■ What this task involves ■
Leaving the pictures aside, transcribe every line below exactly.

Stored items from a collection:
* * * * *
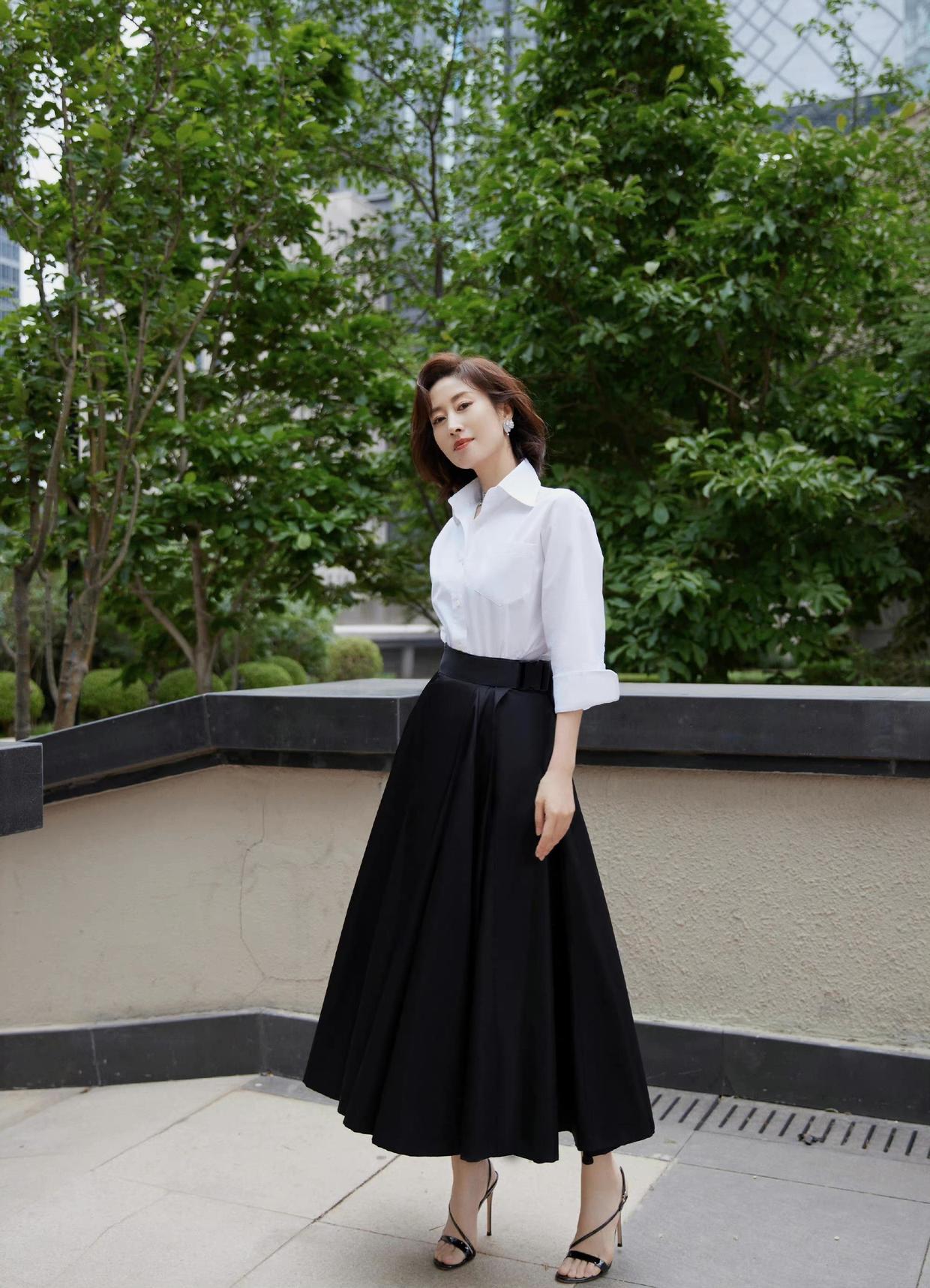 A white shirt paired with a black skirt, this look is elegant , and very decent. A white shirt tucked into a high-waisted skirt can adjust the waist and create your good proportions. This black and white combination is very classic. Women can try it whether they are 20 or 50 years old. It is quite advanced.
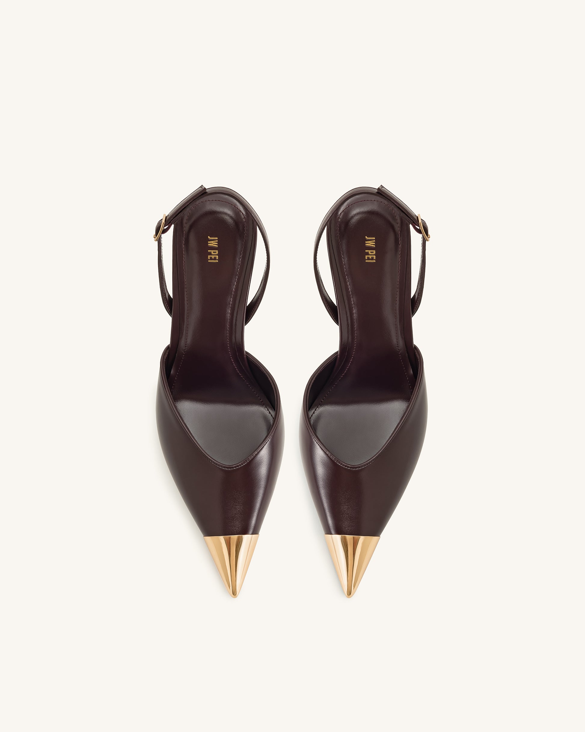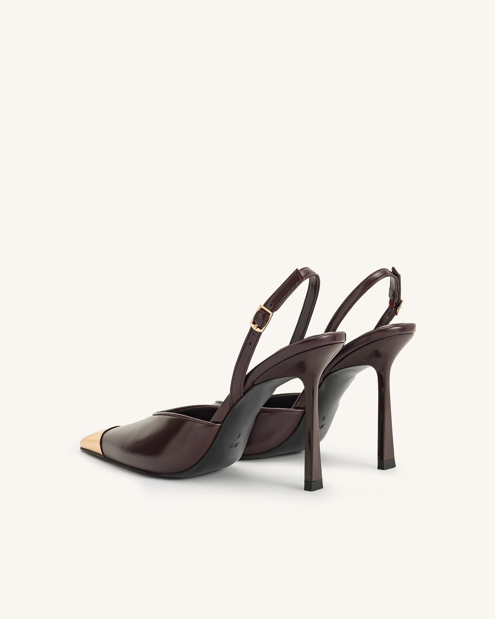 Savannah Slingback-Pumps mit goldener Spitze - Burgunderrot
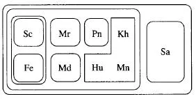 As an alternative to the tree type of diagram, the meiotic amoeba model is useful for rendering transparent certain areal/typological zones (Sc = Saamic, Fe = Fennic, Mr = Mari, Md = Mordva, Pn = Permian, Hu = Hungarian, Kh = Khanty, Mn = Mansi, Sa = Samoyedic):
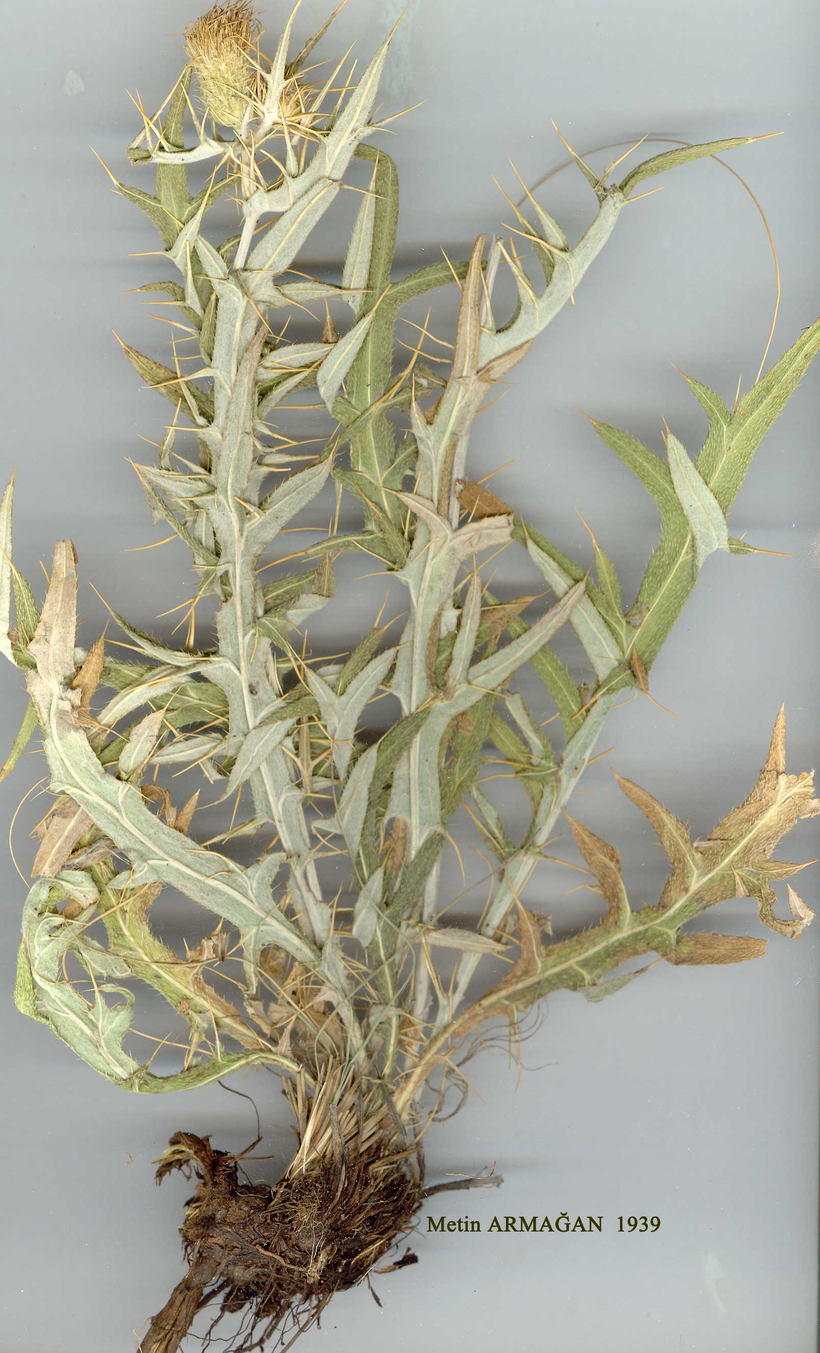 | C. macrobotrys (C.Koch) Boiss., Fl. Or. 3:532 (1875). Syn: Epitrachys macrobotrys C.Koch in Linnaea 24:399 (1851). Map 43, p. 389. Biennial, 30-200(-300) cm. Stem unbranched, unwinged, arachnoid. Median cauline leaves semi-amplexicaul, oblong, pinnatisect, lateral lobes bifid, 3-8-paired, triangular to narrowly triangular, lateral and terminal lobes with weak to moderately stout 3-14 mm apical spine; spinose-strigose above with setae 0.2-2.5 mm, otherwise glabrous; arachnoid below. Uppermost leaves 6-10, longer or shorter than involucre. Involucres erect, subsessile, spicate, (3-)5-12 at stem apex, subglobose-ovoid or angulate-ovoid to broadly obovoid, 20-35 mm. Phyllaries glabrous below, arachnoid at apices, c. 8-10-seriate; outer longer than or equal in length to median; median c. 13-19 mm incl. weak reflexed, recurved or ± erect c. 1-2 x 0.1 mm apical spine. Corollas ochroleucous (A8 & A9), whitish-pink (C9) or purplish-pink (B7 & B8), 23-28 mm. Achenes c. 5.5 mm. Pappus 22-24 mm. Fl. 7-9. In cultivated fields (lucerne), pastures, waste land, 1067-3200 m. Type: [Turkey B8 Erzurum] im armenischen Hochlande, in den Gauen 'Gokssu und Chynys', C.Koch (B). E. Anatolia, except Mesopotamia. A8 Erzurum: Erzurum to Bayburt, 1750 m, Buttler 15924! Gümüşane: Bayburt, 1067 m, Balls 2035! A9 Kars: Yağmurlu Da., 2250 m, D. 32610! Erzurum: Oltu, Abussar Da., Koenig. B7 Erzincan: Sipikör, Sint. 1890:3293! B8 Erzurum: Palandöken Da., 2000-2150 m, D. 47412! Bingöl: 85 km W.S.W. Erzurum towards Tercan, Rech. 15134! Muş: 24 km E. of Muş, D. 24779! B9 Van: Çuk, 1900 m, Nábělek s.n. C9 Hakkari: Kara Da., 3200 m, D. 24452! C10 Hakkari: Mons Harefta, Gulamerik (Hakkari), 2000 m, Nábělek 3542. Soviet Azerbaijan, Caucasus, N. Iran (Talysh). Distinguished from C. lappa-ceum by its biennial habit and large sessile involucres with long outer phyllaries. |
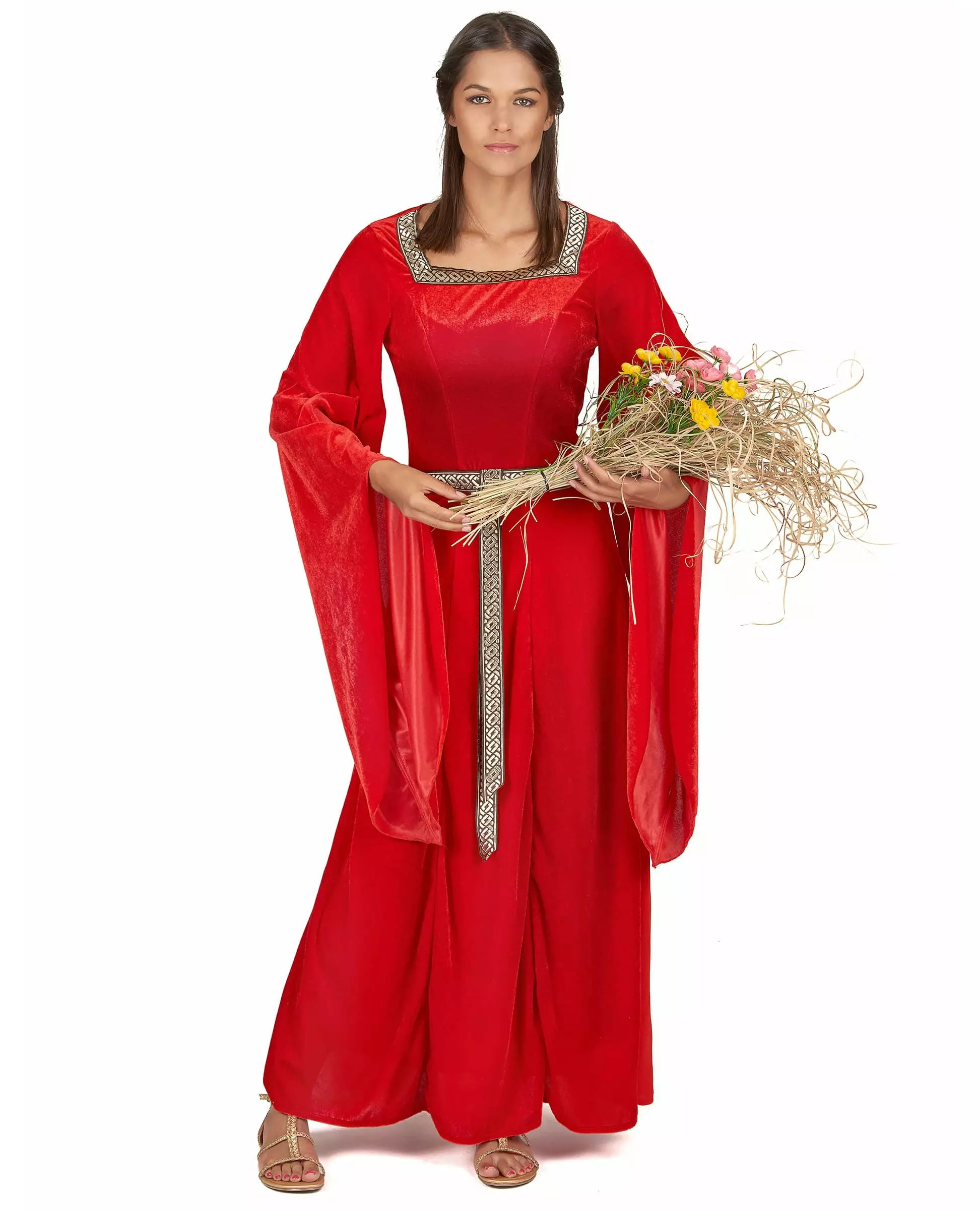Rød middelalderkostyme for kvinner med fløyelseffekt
* * * * *
■ Answer to this problem ■
 A white shirt paired with a black skirt, this look is elegant , and very decent. A white shirt tucked into a high-waisted skirt can adjust the waist and create your good proportions. This black and white combination is very classic. Women can try it whether they are 20 or 50 years old. It is quite advanced.
 Savannah Slingback-Pumps mit goldener Spitze - Burgunderrot
 As an alternative to the tree type of diagram, the meiotic amoeba model is useful for rendering transparent certain areal/typological zones (Sc = Saamic, Fe = Fennic, Mr = Mari, Md = Mordva, Pn = Permian, Hu = Hungarian, Kh = Khanty, Mn = Mansi, Sa = Samoyedic):
 | C. macrobotrys (C.Koch) Boiss., Fl. Or. 3:532 (1875). Syn: Epitrachys macrobotrys C.Koch in Linnaea 24:399 (1851). Map 43, p. 389. Biennial, 30-200(-300) cm. Stem unbranched, unwinged, arachnoid. Median cauline leaves semi-amplexicaul, oblong, pinnatisect, lateral lobes bifid, 3-8-paired, triangular to narrowly triangular, lateral and terminal lobes with weak to moderately stout 3-14 mm apical spine; spinose-strigose above with setae 0.2-2.5 mm, otherwise glabrous; arachnoid below. Uppermost leaves 6-10, longer or shorter than involucre. Involucres erect, subsessile, spicate, (3-)5-12 at stem apex, subglobose-ovoid or angulate-ovoid to broadly obovoid, 20-35 mm. Phyllaries glabrous below, arachnoid at apices, c. 8-10-seriate; outer longer than or equal in length to median; median c. 13-19 mm incl. weak reflexed, recurved or ± erect c. 1-2 x 0.1 mm apical spine. Corollas ochroleucous (A8 & A9), whitish-pink (C9) or purplish-pink (B7 & B8), 23-28 mm. Achenes c. 5.5 mm. Pappus 22-24 mm. Fl. 7-9. In cultivated fields (lucerne), pastures, waste land, 1067-3200 m. Type: [Turkey B8 Erzurum] im armenischen Hochlande, in den Gauen 'Gokssu und Chynys', C.Koch (B). E. Anatolia, except Mesopotamia. A8 Erzurum: Erzurum to Bayburt, 1750 m, Buttler 15924! Gümüşane: Bayburt, 1067 m, Balls 2035! A9 Kars: Yağmurlu Da., 2250 m, D. 32610! Erzurum: Oltu, Abussar Da., Koenig. B7 Erzincan: Sipikör, Sint. 1890:3293! B8 Erzurum: Palandöken Da., 2000-2150 m, D. 47412! Bingöl: 85 km W.S.W. Erzurum towards Tercan, Rech. 15134! Muş: 24 km E. of Muş, D. 24779! B9 Van: Çuk, 1900 m, Nábělek s.n. C9 Hakkari: Kara Da., 3200 m, D. 24452! C10 Hakkari: Mons Harefta, Gulamerik (Hakkari), 2000 m, Nábělek 3542. Soviet Azerbaijan, Caucasus, N. Iran (Talysh). Distinguished from C. lappa-ceum by its biennial habit and large sessile involucres with long outer phyllaries. |
Rød middelalderkostyme for kvinner med fløyelseffekt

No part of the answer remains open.